(Stored dataset items)
+++
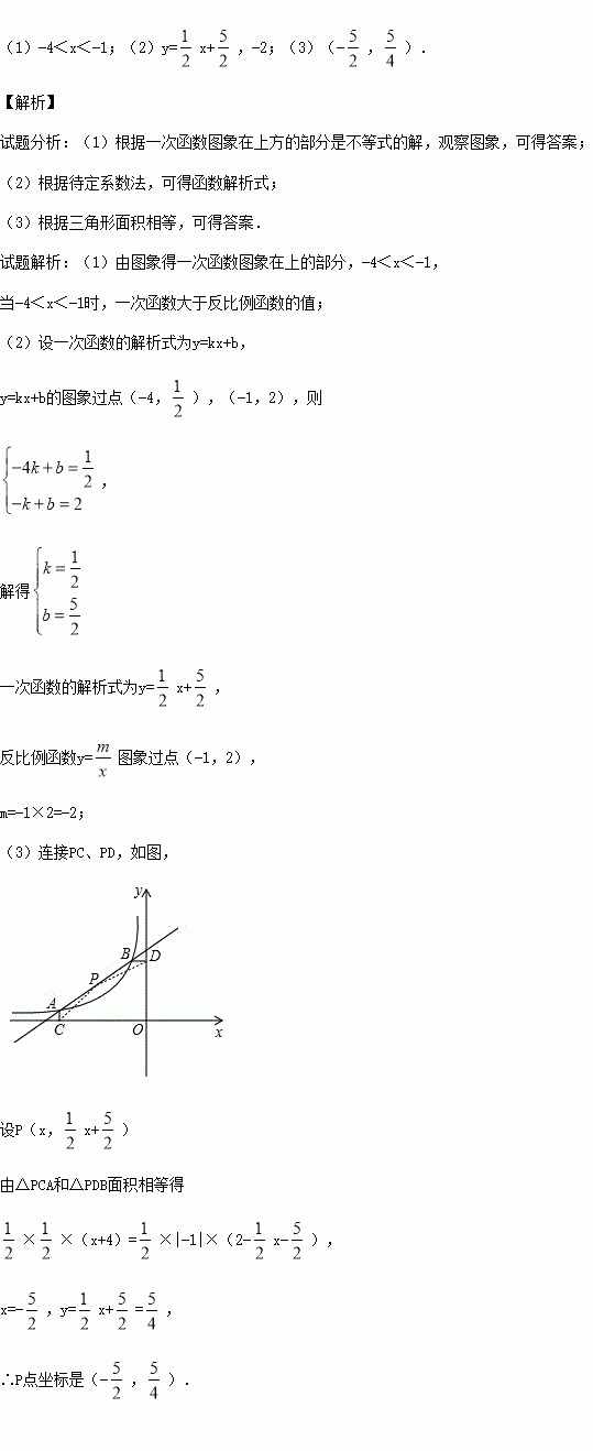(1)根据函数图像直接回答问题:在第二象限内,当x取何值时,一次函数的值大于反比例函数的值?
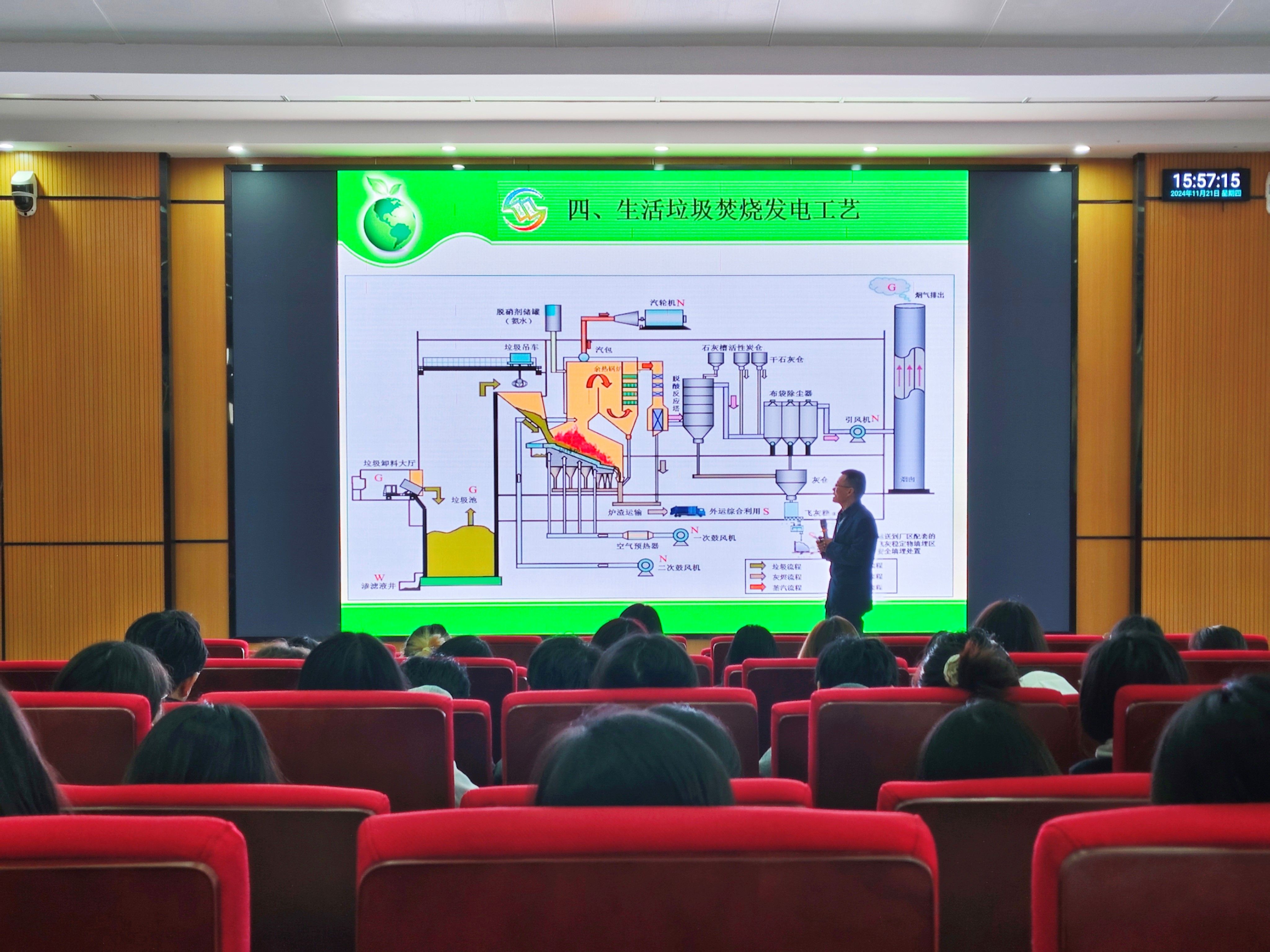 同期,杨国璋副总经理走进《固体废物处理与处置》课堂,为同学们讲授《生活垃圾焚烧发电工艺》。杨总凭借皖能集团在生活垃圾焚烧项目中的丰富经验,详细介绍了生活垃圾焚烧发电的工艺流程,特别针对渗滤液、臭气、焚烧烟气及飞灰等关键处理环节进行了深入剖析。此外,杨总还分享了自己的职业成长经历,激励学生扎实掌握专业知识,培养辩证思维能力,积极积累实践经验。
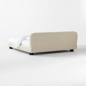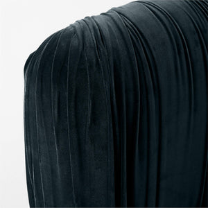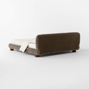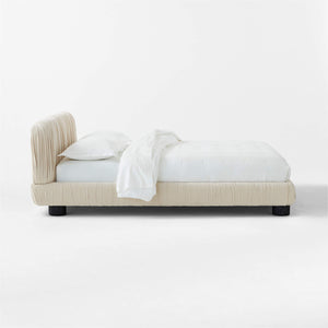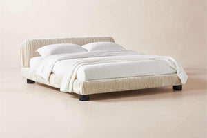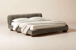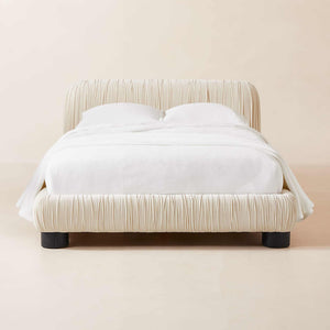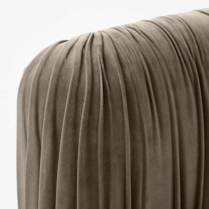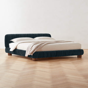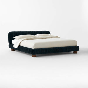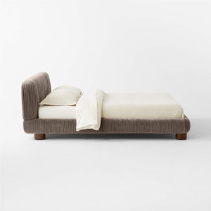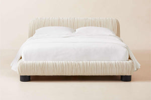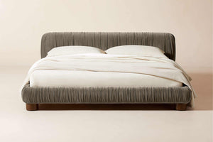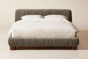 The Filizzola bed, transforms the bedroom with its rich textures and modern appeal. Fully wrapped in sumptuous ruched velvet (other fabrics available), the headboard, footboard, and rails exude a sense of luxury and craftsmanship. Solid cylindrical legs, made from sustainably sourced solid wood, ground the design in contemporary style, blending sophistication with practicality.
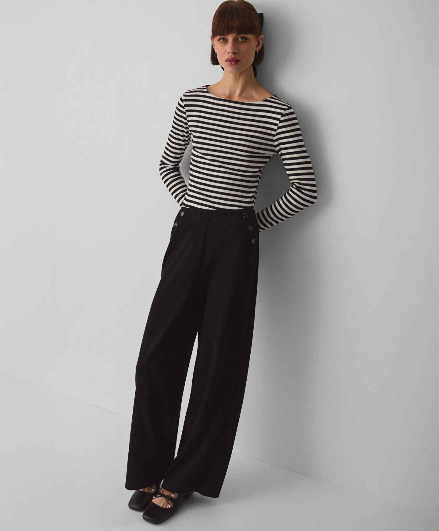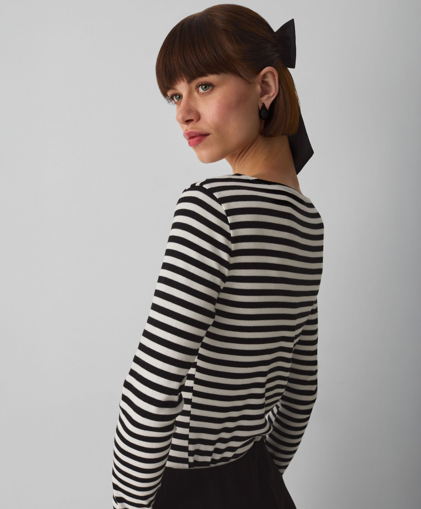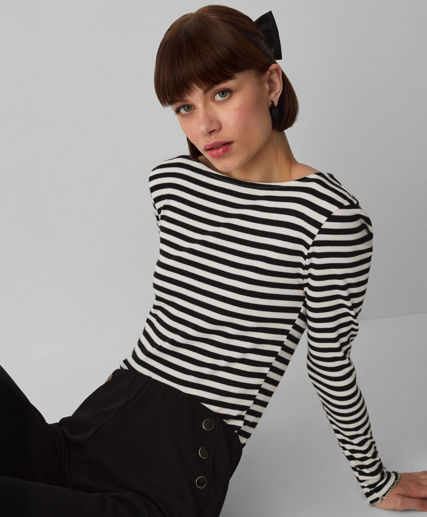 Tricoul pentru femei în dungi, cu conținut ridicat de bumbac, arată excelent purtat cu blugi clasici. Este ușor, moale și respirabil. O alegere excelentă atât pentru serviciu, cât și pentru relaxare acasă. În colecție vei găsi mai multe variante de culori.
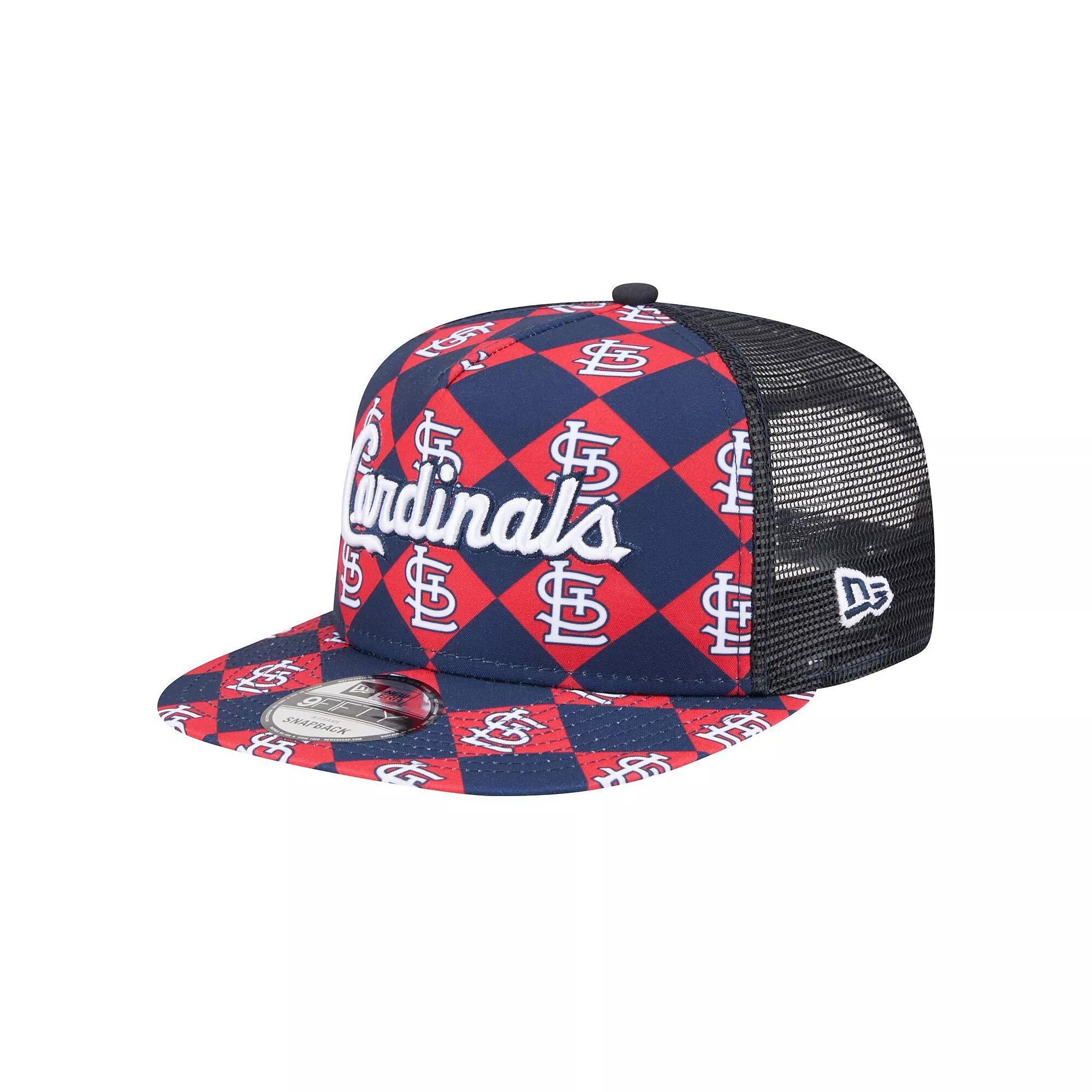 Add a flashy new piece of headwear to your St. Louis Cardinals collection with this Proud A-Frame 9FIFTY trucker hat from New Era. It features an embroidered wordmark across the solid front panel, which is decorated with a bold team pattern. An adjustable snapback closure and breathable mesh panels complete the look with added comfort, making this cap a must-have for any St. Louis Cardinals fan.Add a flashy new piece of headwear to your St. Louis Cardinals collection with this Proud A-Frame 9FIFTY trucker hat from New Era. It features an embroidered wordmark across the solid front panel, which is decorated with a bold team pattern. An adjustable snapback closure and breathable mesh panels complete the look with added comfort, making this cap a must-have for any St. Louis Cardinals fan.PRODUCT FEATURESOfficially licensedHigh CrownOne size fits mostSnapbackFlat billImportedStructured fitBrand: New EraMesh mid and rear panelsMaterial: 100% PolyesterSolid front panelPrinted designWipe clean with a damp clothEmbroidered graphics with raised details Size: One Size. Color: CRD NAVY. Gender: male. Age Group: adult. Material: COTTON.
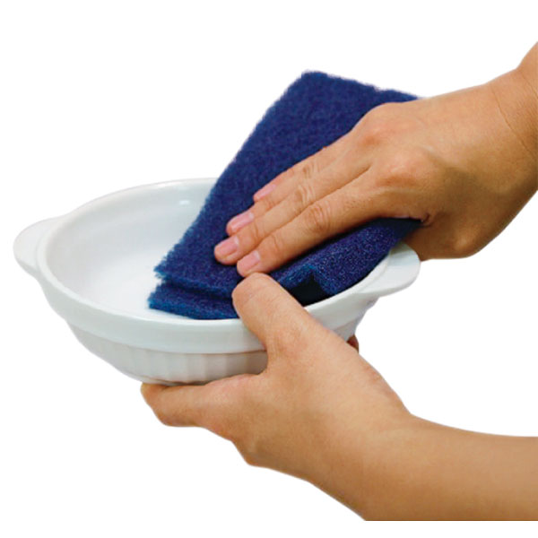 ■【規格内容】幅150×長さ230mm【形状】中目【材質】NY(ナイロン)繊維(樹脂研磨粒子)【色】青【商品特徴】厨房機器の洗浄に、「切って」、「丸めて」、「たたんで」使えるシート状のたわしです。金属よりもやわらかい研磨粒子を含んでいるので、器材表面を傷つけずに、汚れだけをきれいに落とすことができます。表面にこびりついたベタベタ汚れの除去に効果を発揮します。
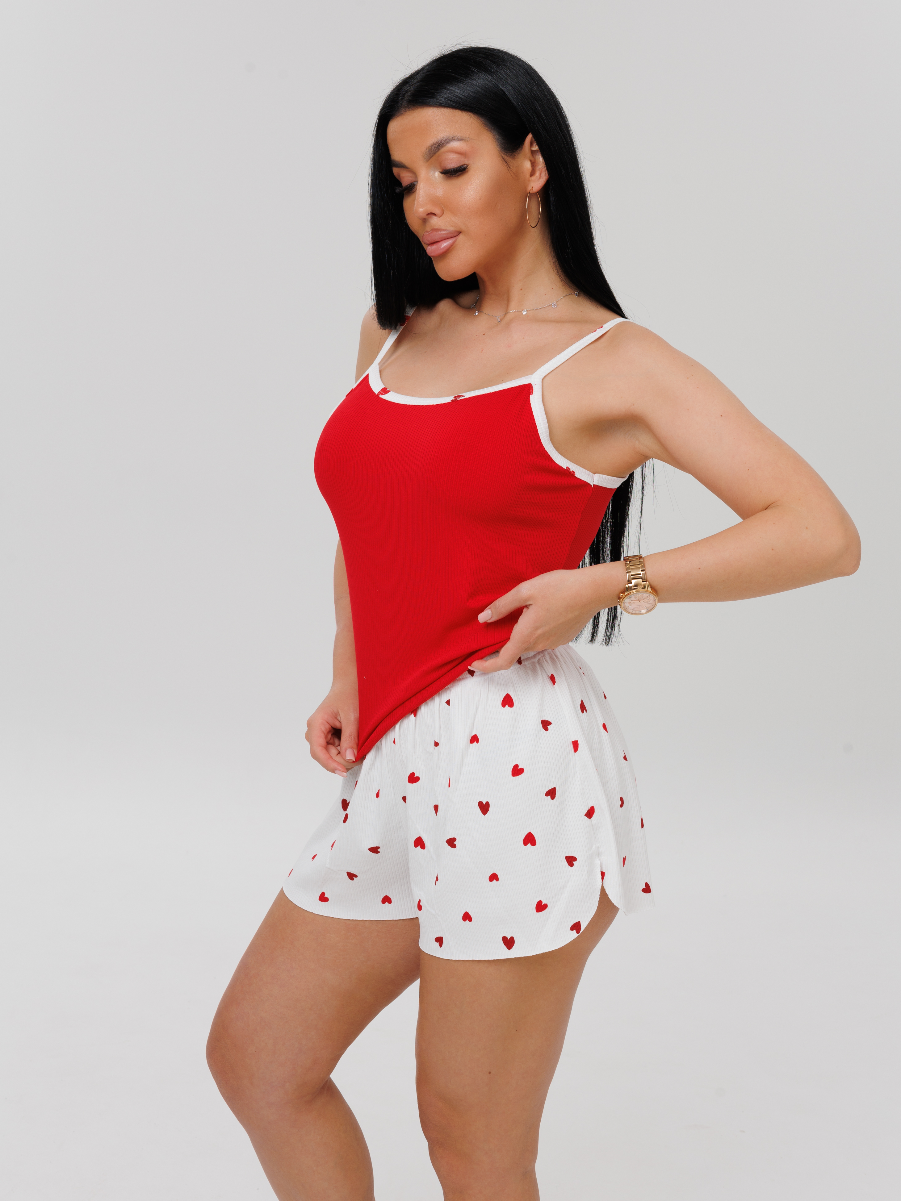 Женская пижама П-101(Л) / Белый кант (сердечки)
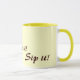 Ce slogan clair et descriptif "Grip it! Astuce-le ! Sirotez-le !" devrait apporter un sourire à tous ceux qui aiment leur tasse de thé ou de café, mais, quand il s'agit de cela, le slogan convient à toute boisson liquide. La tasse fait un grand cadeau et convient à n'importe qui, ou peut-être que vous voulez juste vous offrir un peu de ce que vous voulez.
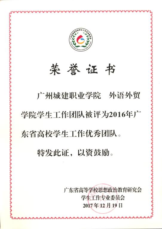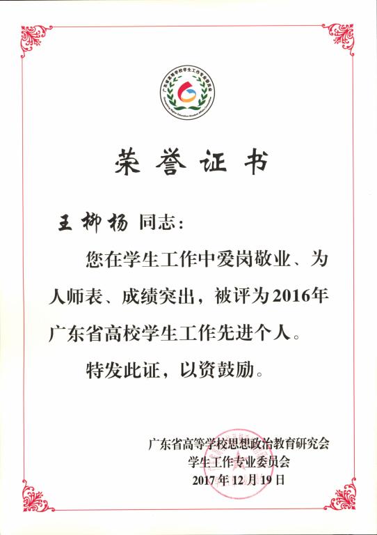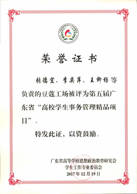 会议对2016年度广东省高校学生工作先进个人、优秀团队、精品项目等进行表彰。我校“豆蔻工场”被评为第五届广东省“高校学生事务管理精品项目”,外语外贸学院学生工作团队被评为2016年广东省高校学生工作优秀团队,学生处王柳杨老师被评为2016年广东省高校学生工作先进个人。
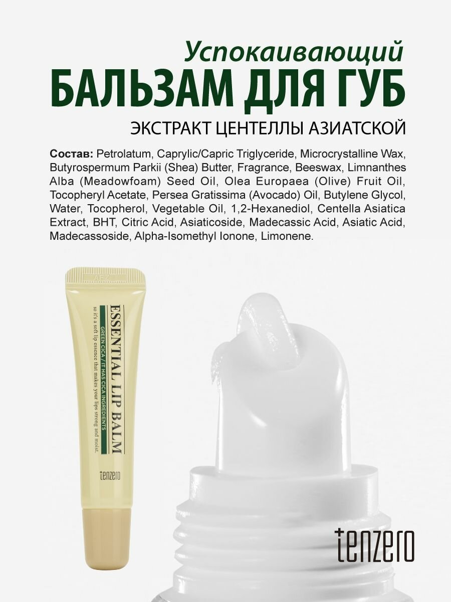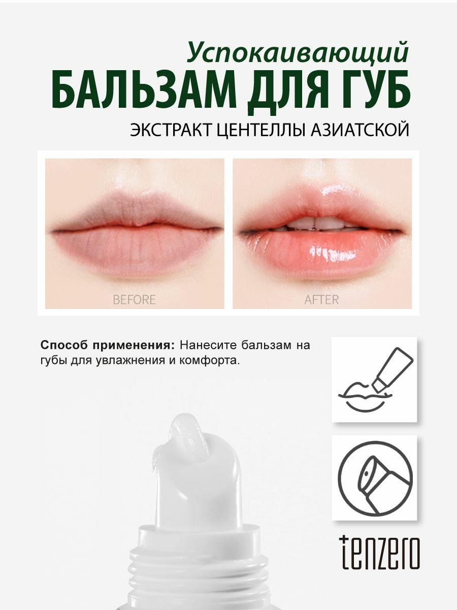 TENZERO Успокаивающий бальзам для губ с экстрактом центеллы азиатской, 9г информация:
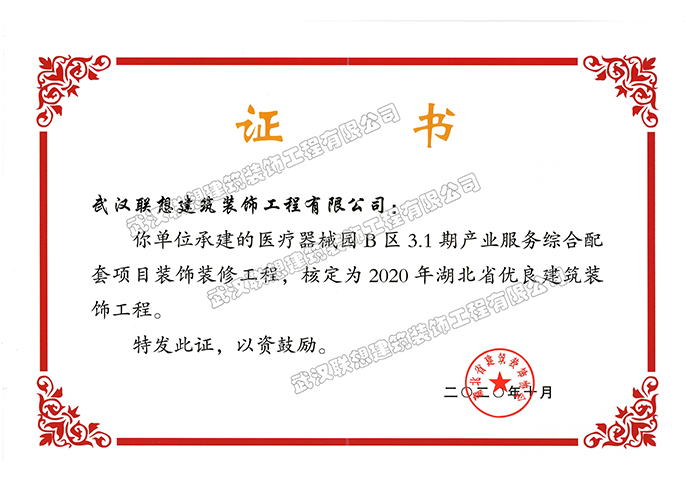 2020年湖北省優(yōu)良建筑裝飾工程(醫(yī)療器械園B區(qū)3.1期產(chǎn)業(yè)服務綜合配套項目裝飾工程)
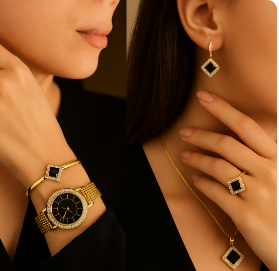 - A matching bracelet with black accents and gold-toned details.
+++
ACTIVITY: Your reply should consist only of the lines running from the line with "Женская пижама П-101(Л)" to the end of the entries, both included, copied exactly and without any pictures.

RESPONSE FOR THIS EXERCISE:
 Женская пижама П-101(Л) / Белый кант (сердечки)
 Ce slogan clair et descriptif "Grip it! Astuce-le ! Sirotez-le !" devrait apporter un sourire à tous ceux qui aiment leur tasse de thé ou de café, mais, quand il s'agit de cela, le slogan convient à toute boisson liquide. La tasse fait un grand cadeau et convient à n'importe qui, ou peut-être que vous voulez juste vous offrir un peu de ce que vous voulez.
 会议对2016年度广东省高校学生工作先进个人、优秀团队、精品项目等进行表彰。我校“豆蔻工场”被评为第五届广东省“高校学生事务管理精品项目”,外语外贸学院学生工作团队被评为2016年广东省高校学生工作优秀团队,学生处王柳杨老师被评为2016年广东省高校学生工作先进个人。
 TENZERO Успокаивающий бальзам для губ с экстрактом центеллы азиатской, 9г информация:
 2020年湖北省優(yōu)良建筑裝飾工程(醫(yī)療器械園B區(qū)3.1期產(chǎn)業(yè)服務綜合配套項目裝飾工程)
 - A matching bracelet with black accents and gold-toned details.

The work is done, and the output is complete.